In vitro and in vivo antifungal activities of
D0870 were evaluated in comparison with those of
fluconazole.
D0870, which is the R-enantiomer of ICI195,739, was found to be the mycologically active enantiomer by comparing the activities of
D0870 with those of M16355 (S-enantiomer of ICI195,739).

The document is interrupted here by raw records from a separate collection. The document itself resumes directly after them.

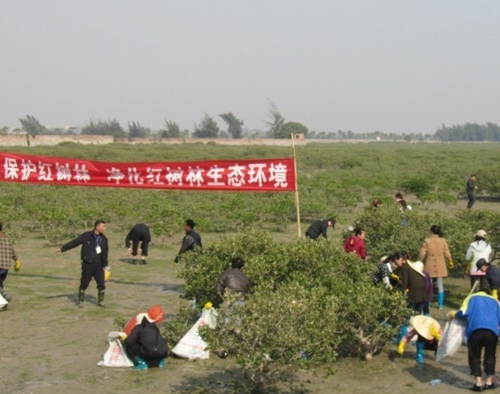 北海相關(guān)部門積極開展紅樹林救護行動,1月22日下午3點左右,在北海市銀灘東區(qū)(馮家江吊橋旁)展開了一場大型的清理紅樹林污物活動。參加人員有北海市林業(yè)局、銀海區(qū)林業(yè)局、北海市防護林場和廣西紅樹林研究中心等單位職工,以及北海紅樹林關(guān)愛與發(fā)展研究會的會員和志愿者們,F(xiàn)場還有北海日報的記者做調(diào)查采訪。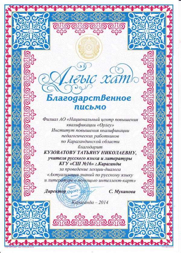 Орыс тілі, әдебиеті және өзін-өзі тану пәні мұғалімдері Т.Н.Кузаватова мен И.Н.Куркинаның "Орта мектепте орыс тілі, әдебиеті және өзін-өзі тануды оқытудағы жаңа әдістер" атты мақалас…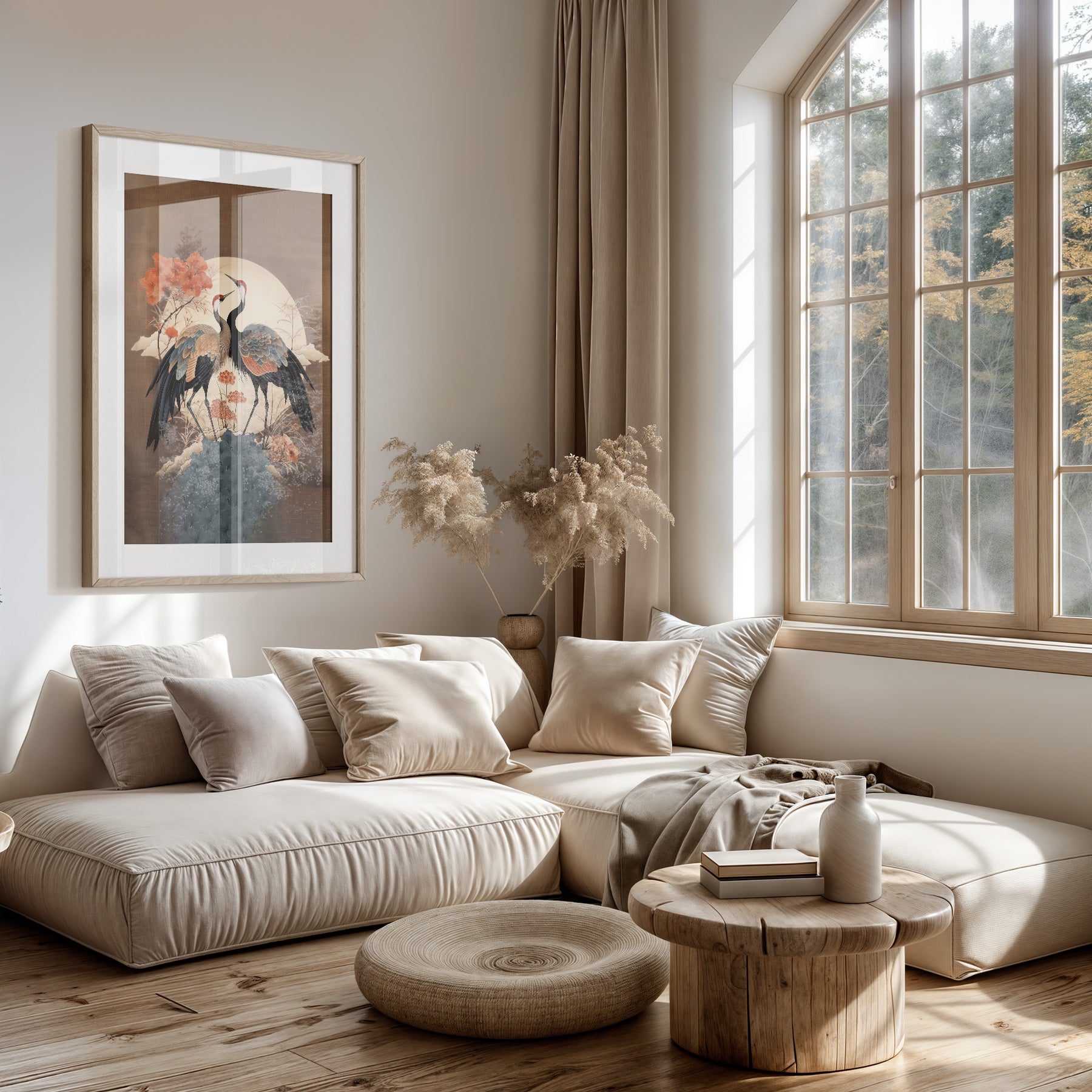 Met haar zachte kleuren en ingetogen contrast is dit kunstwerk ideaal om een kalme sfeer te creëren in de woonkamer, slaapkamer of werkplek. De combinatie van botanische elementen met vintage Japanse esthetiek maakt deze designposter uitermate geschikt voor interieurs in zen/japandi, minimalistisch, maar ook hotel chique en Scandinavisch. Als stijlvol muuraccent brengt het een verfijnde energie die uitnodigt tot ontspanning en inspiratie.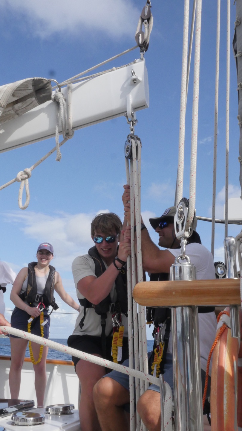 Climbing onto deck, my semi-new watch team (Me, Anda, Charlie, Nora, Mac, Dan) were greeted with the sun starting to rise. At 3:45? Odd. Anyway, I don’t mind, as the sun helps to keep me from nodding off in the dark. The rest of the watch was great with a good sunrise, good conversation, and most importantly a bowl of Reeces Puffs with NATE for breakfast (I receive a lot of hate for my passion of a daily bowl of the puffs but it will never stop me). After the early 4 hours, I decided to catch a couple more hours of Honk-Chooing (sleep). After a couple more hours of sleep, I woke up and had a lovely cup of joe to get going again.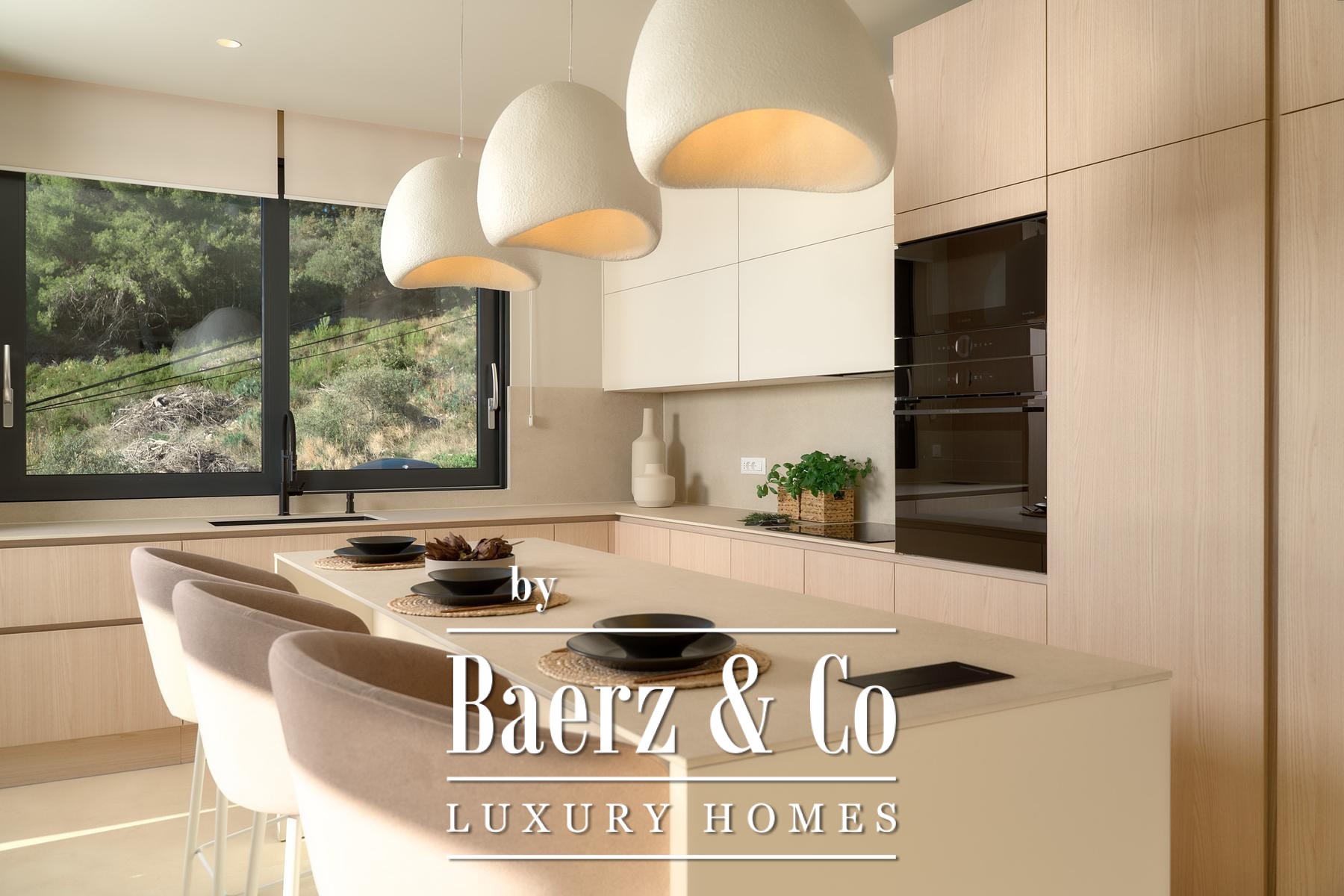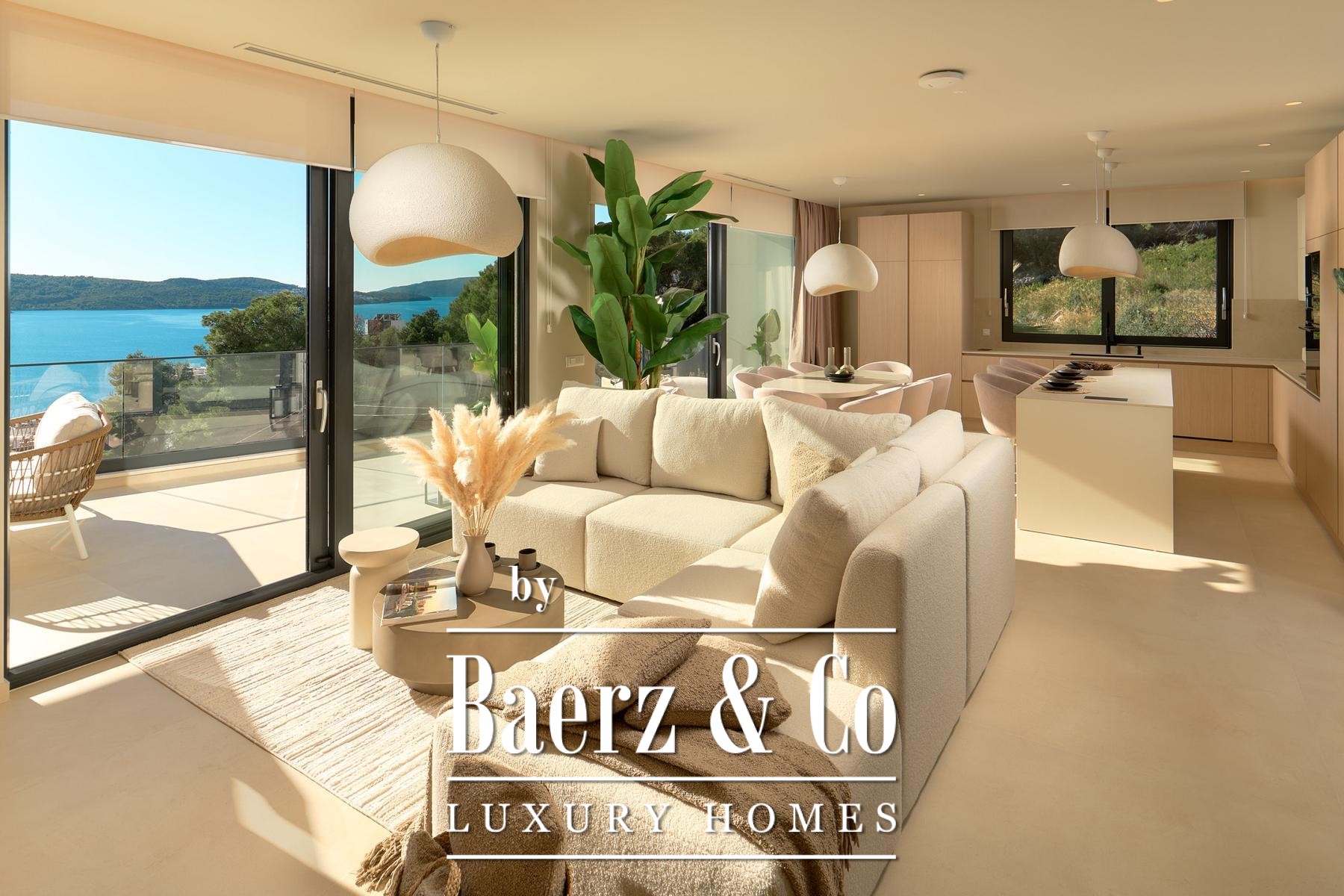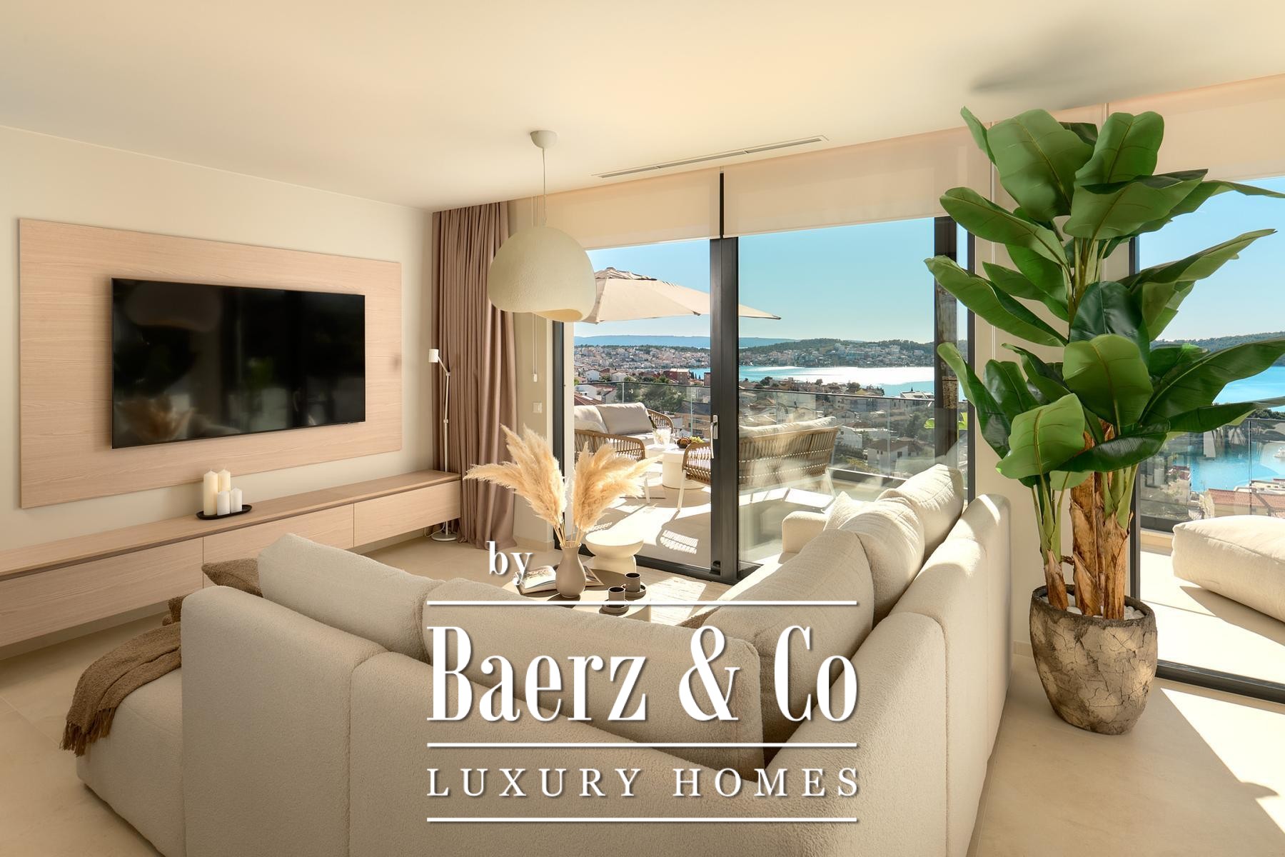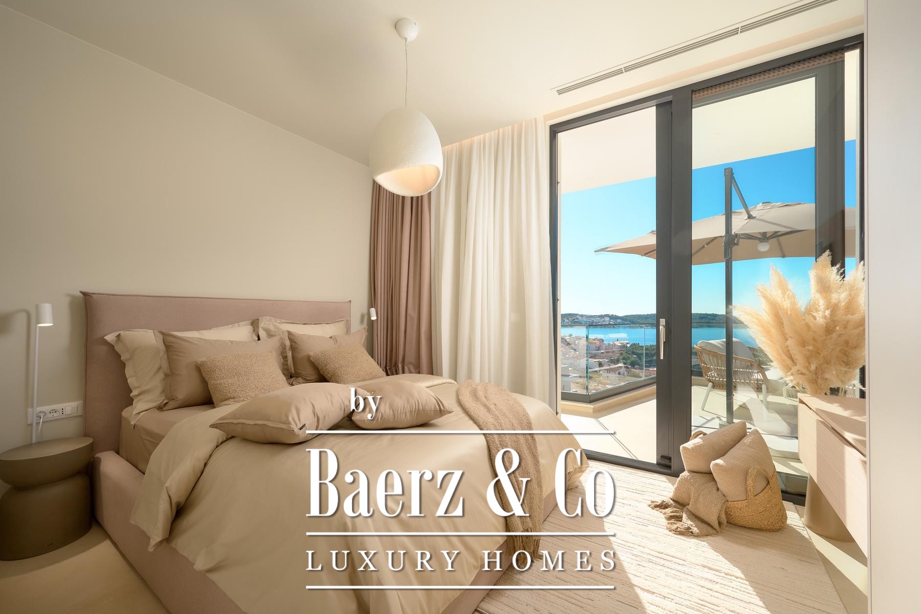 Строительные стандарты безупречны: потолочное кондиционирование, тёплый пол на тепловых насосах, вентиляция с рекуператором, термоизоляция, алюминиевые оконные системы, стеклянные ограждения террас, солнечные панели, автоматический полив сада и видеонаблюдение обеспечивают техническое совершенство. Два открытых парковочных места и средиземноморское озеленение обогащают атмосферу.

D0870 showed a broad spectrum of antifungal activity and MICs and minimum
antibiotic concentrations 4- to 2,000-fold lower in synthetic
amino acid medium (fungal)
agar than those of
fluconazole for various fungi. Although MICs of
D0870 were affected by variation of the test conditions, such as type of medium, inoculum size of fungi, supplementation with
fetal bovine serum, and pH of medium, they were consistently much lower than those of
fluconazole under any condition. In vivo activities of
D0870 in the systemic
infection models with Candida albicans, Cryptococcus neoformans, and Aspergillus fumigatus in normal mice and in the mice immunosuppressed with
cyclophosphamide or
cortisone acetate were 2- to 7-fold and 3- to 89-fold greater than those of
fluconazole, respectively. In these
infection models in immunosuppressed mice, the therapeutic efficacy of
D0870 was almost equivalent to that in normal mice, whereas the efficacy of
fluconazole was 2- to 50-fold lower than that in normal mice.